Палей склонился к ней и тихонько, как будто что-то секретное, ведомое только им, спросил:
— Что вы такая хмурая? — и тут же стал многозначительно внушать: — Надо на все смотреть проще. Это стиль нашего века!
На другом конце стола пересмеивались рабочие.
— Бери, паря, хлеб, — сказал Космачу степенный, лысый Бянкин, бывший сторож совхоза.

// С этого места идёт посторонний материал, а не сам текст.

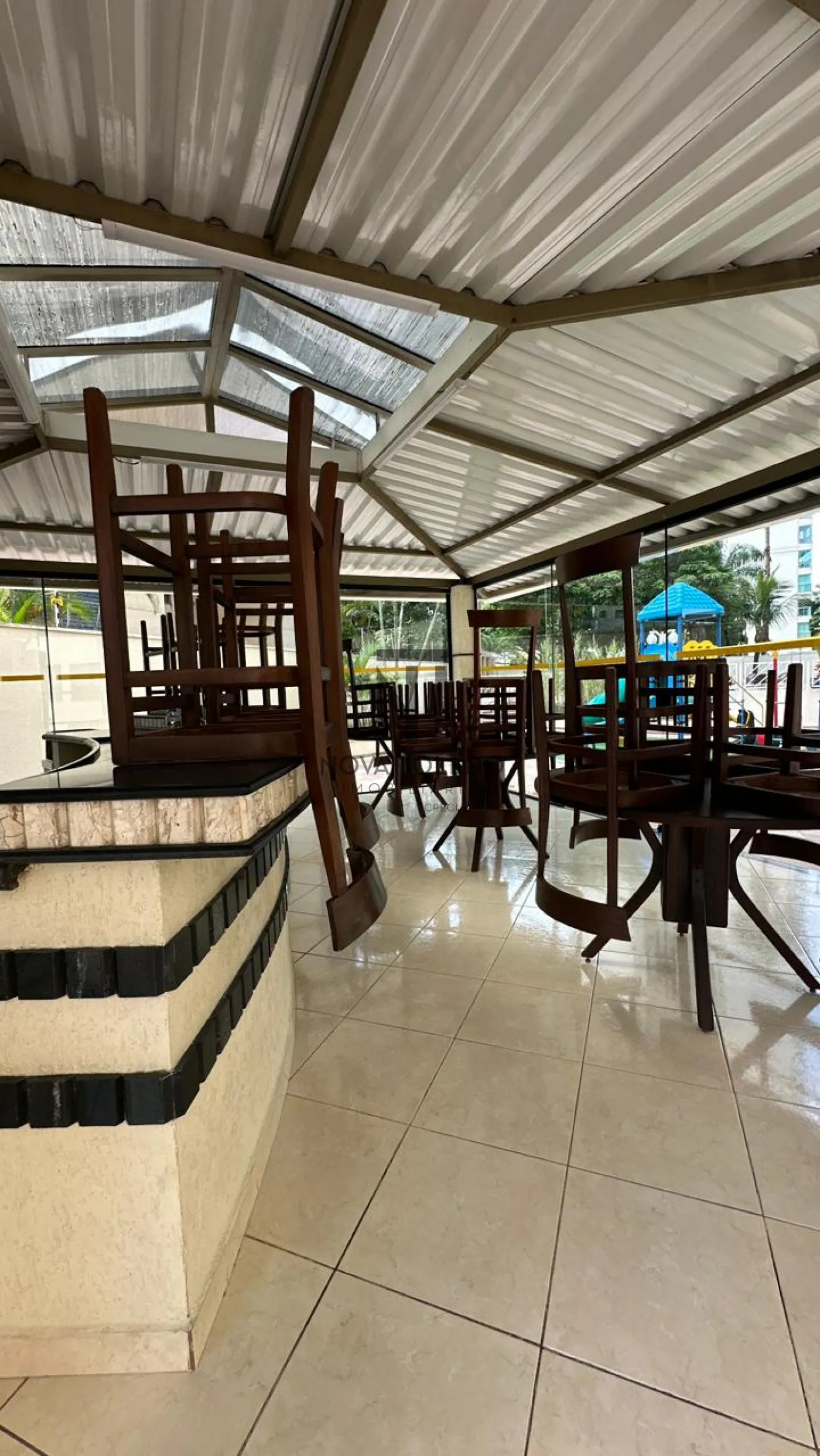 - Varanda gourmet com fechamento em vidro blindex e integrada com a cozinha
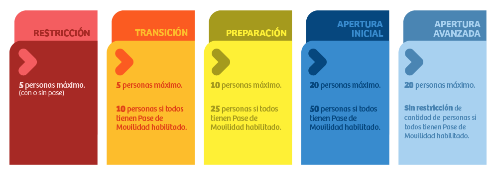 Se mantiene la estructura principal del Paso a Paso de 5 pasos entre los que se avanza y retrocede, de acuerdo a la situación sanitaria de cada territorio. Estos son:
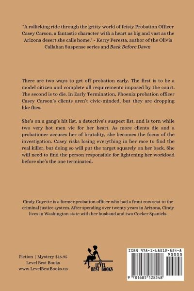 There are two ways to get off probation early. The first is to be a model citizen and complete all requirements imposed by the court. The second is to die. In Early Termination, Phoenix probation officer Casey Carson's clients aren't civic-minded, but they are dropping like flies. She's on a gang's hit list, a detective's suspect list, and is torn while two very hot men vie for her heart. As more clients die and a probationer accuses her of brutality, she becomes the focus of the investigation. Casey risks losing everything in her race to find the real killer, but doing so will put the target squarely on her back. She will need to find the person responsible for lightening her workload before she's the one terminated.
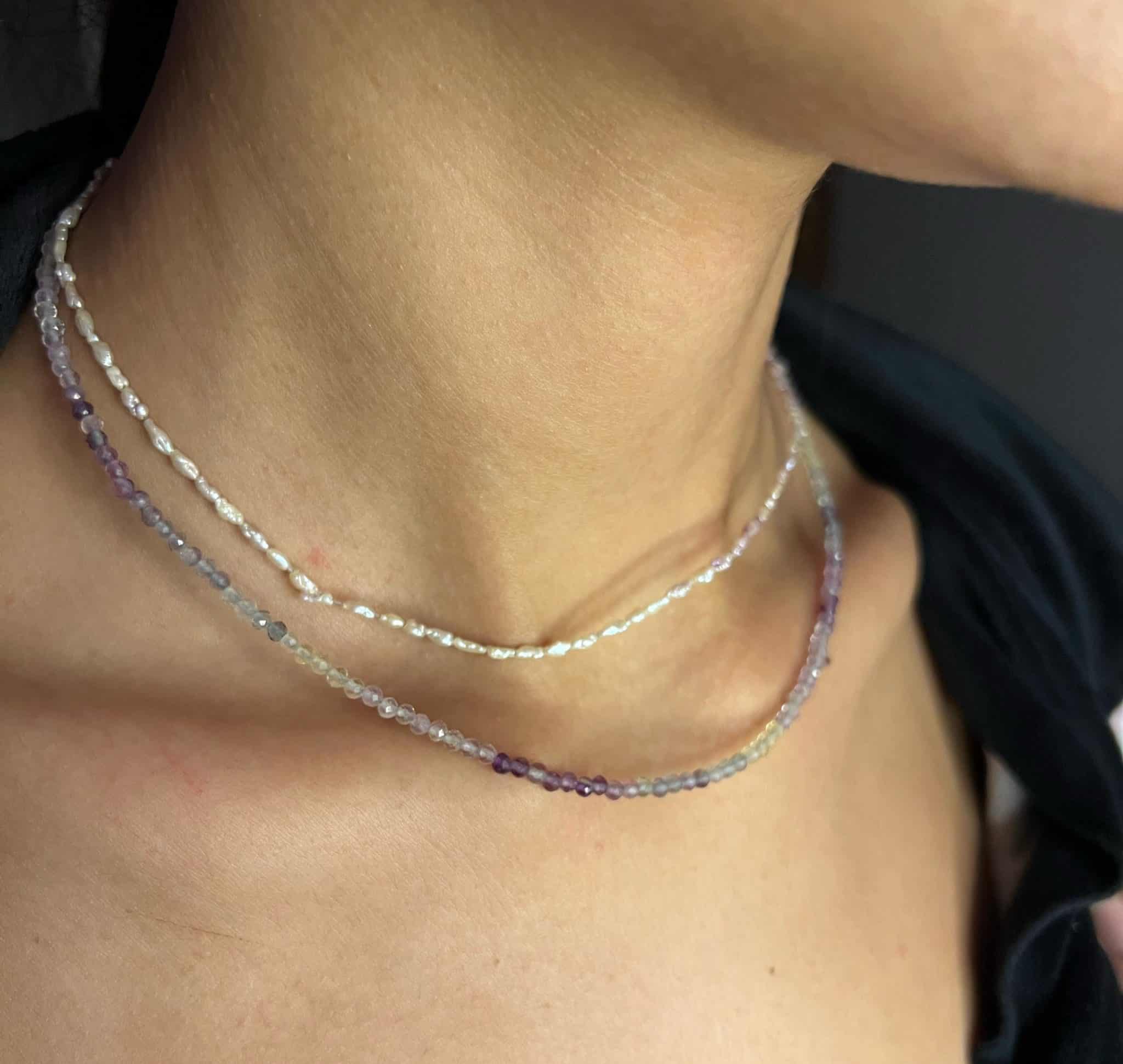 fluorite stone chocker approximately 40 cm with 2 cm extension metel plated finishing
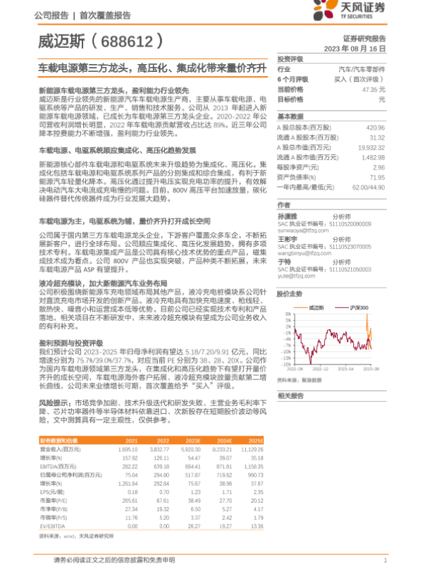 【天风证券】【20230816】威迈斯-688612.SH-车载电源第三方龙头,高压化、集成化带来量价齐升-28页 行业研究
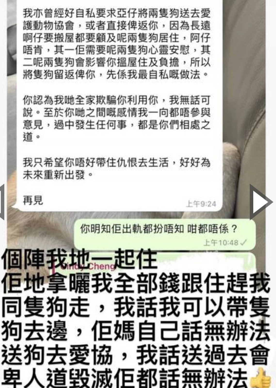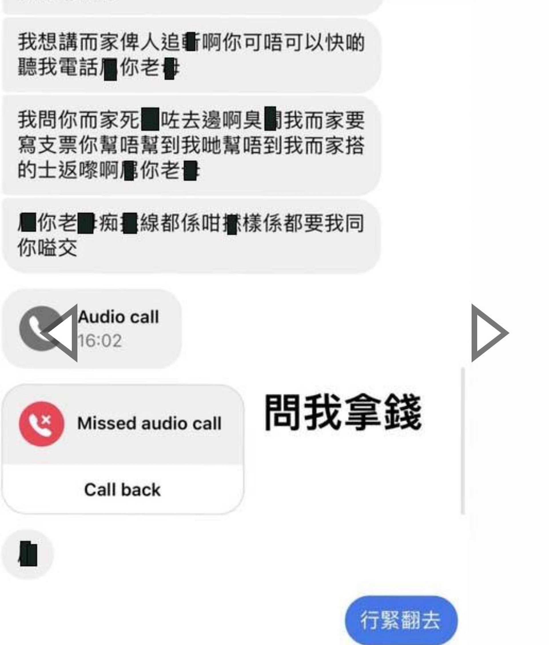 Niki公開渣男前度4宗罪,對話內容中其前度不斷用粗口鬧她。Niki表示位前度是她遇過最差的人,與他剛交往不久已經不斷被逼要求出售個人物業,讓他作投資,否則就會被冷落。第二點,男方不單止問她借錢,還會向她的朋友作出借錢的訴求,最後亦會借錢不還。第三點,男方曾經搶走她的銀行卡,然後向不同的人作出詐騙,並要求對方將款項入在她的銀行帳戶,令人誤會她與前度同流合污詐騙。第四點,男方與她交往前,已有伴侶,令她在不知情下慘變第三者!遇上如此一個「極品」男友,真是苦了Niki。

— Я не у мачехи рос, везде достану, — ответил Космач.
Рабочие захохотали.
— С виду он прост, да привязан лисий хвост, — кивнул на Космача Бянкин.
— Мокрый дождя не боится!
Так они, состязаясь, неторопливо озоровали, поигрывали острыми словами, присказками.
Много интересных людей повстречали здесь сестры, и Ася научилась примечать их особенности, распознавать по мелочам характеры.
Славка была ко всему равнодушной. Она вяло рылась ложкой в каше, ни на кого не смотрела, не улыбалась...
В это утро большая часть геологов уходила в далекий, трудный и многодневный маршрут. В лагере оставались только старший коллектор, канавщики и повариха.
На лошадей вьючили сумы с продуктами, палатки, спальные мешки. Зная, что такое переход по таежному бездорожью, Грузинцев, Петрович и Посохов вьючили сами, тщательно затягивая каждый ремень. Им помогали Космач, Бянкин и рабочий по прозвищу «Комар».
Ася, придя в партию, сразу же отличила этого въедливого старикашку, крикуна и ругателя. Он со всеми спорил, никому ни в чем не уступал.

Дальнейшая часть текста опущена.